**Aim of the exercise:** Once the pictures are removed, restate the listing word for word.

**Data provided:**
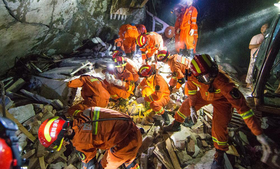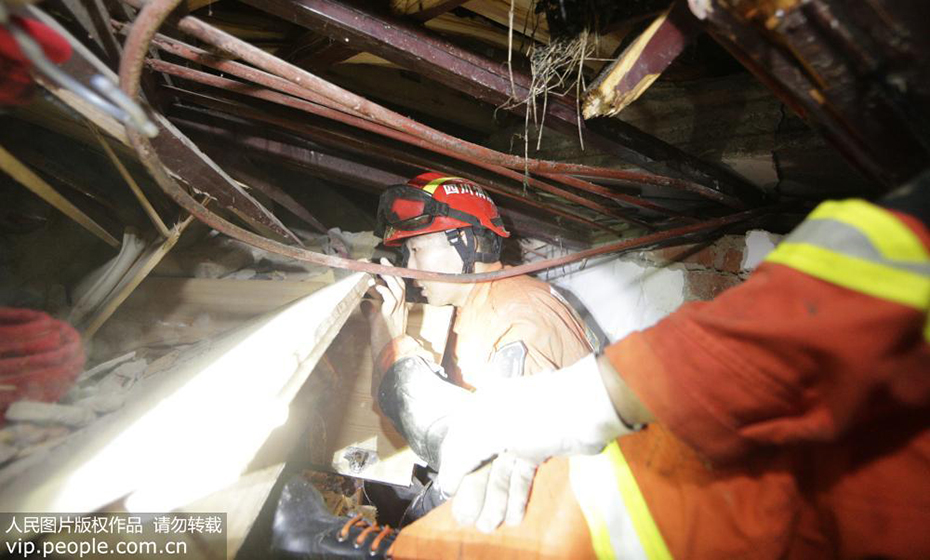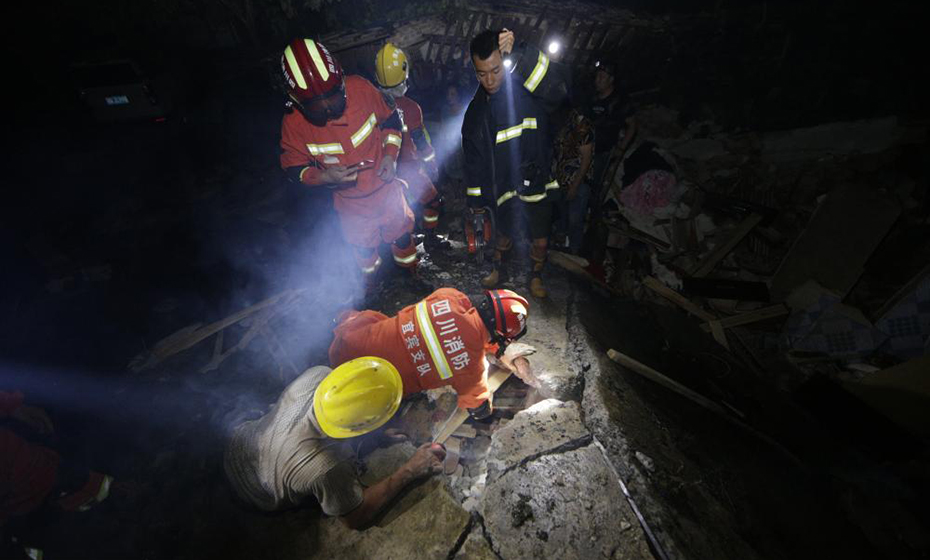 四川宜宾6.0级地震:6月18日,消防官兵在废墟上搜救。
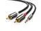 3.5mm(1/8" headphone plug) to 2 RCA(Right/Left) stereo patch cable is ideal for plugging the 3.5mm plug into the headphone jack of your device or computer and the 2 RCA's to the left and right auxiliary inputs on your sound system. This high-end 3.5mm to 2RCA stereo adapter cables offer incredible audio clarity over all lengths to provide a versatile connection between hardware for all your stereo audio needs.
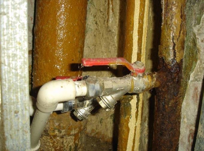 | Corrosion. Rusting of the pipe is accelerated by a damaged outer layer of paint, frequent disconnections of the water supply (in this case, the unpainted inner surface of the pipe is in contact with high-humidity air), and poor ventilation in the bathroom (read - consistently high humidity). The first holes appear on longitudinal welded seams (VGP pipes GOST 3262 are electrically welded), on threads where the pipe wall thickness is minimal, and in ceilings where the pipe surface is not ventilated and (in the case of cold water risers) is continuously wetted by condensate falling on them. | |
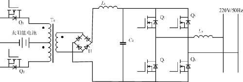 图2为光伏并网逆变器的主电路拓扑图,此系统由前级的DC/DC变换器和后级的DC/AC逆变器组成。DC/DC变换器的逆变电路可选择的型式有半桥式、全桥式、推挽式。考虑到输入电压较低,如采用半桥式则开关管电流变大,而采用全桥式则控制复杂、开关管功耗增大,因此这里采用推挽式电路。DC/DC变换器由推挽逆变电路、高频变压器、整流电路和滤波电感构成,它将太阳能电池板输出的62V的直流电压转换成400V的直流电压。

**Problem solution:**
 四川宜宾6.0级地震:6月18日,消防官兵在废墟上搜救。
 3.5mm(1/8" headphone plug) to 2 RCA(Right/Left) stereo patch cable is ideal for plugging the 3.5mm plug into the headphone jack of your device or computer and the 2 RCA's to the left and right auxiliary inputs on your sound system. This high-end 3.5mm to 2RCA stereo adapter cables offer incredible audio clarity over all lengths to provide a versatile connection between hardware for all your stereo audio needs.
 | Corrosion. Rusting of the pipe is accelerated by a damaged outer layer of paint, frequent disconnections of the water supply (in this case, the unpainted inner surface of the pipe is in contact with high-humidity air), and poor ventilation in the bathroom (read - consistently high humidity). The first holes appear on longitudinal welded seams (VGP pipes GOST 3262 are electrically welded), on threads where the pipe wall thickness is minimal, and in ceilings where the pipe surface is not ventilated and (in the case of cold water risers) is continuously wetted by condensate falling on them. | |
 图2为光伏并网逆变器的主电路拓扑图,此系统由前级的DC/DC变换器和后级的DC/AC逆变器组成。DC/DC变换器的逆变电路可选择的型式有半桥式、全桥式、推挽式。考虑到输入电压较低,如采用半桥式则开关管电流变大,而采用全桥式则控制复杂、开关管功耗增大,因此这里采用推挽式电路。DC/DC变换器由推挽逆变电路、高频变压器、整流电路和滤波电感构成,它将太阳能电池板输出的62V的直流电压转换成400V的直流电压。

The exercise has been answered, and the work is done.